Category Archives: history

The White Bear

Like the Elephant & Castle, the White Bear is a Kennington pub with a very long history, which has recently relaunched in impressive style.

The White Bear Theatre Pub new exterior - kenningtonrunoff.com

Thomas Ellis owned the Horns Tavern pub on Kennington Common, where Guy Fawkes stored his gunpowder in the cellar. Mary Cleaver leased White Bear Field to Ellis in 1780, and he laid out Cleaver Square, the earliest London square south of the Thames, and built the White Bear (read more Kennington history on their blackboard).

The White Bear Theatre Pub fire and local history - kenningtonrunoff.com

We first knew The White Bear as a rather edgy, although rarely busy, Irish sports pub, with the White Bear Theatre feeling very incongruous in the back. It was bought by Young’s around 2012, after which there was a short-lived relaunch (bye Irish sports fans, hello not many other people), then it closed for a long time for a much more thorough overhaul.

The White Bear Theatre Pub middle dining room - kenningtonrunoff.com

The White Bear Theatre Pub back dining room - kenningtonrunoff.com

Now it’s huge – Kennington’s biggest pub  – with two dining areas where the theatre used to be, plus a garden stretching the width of two properties (which we’ve only visited after dark unfortunately).

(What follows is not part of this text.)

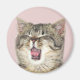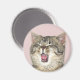 Um gatinho de mesa marrom com a boca aberta numa grande língua enrolando bocejo, ou talvez ele esteja cantando para você, foto-ímã.

The White Bear Theatre Pub garden - kenningtonrunoff.com

The theatre (which we’ve not visited since the relaunch) has relocated to the first floor – the bear will show you the way.

The White Bear Theatre Pub bear - kenningtonrunoff.com

The new White Bear has the feel of a country pub, and we can’t think of another like it in central London. Perfect for Kennington Village!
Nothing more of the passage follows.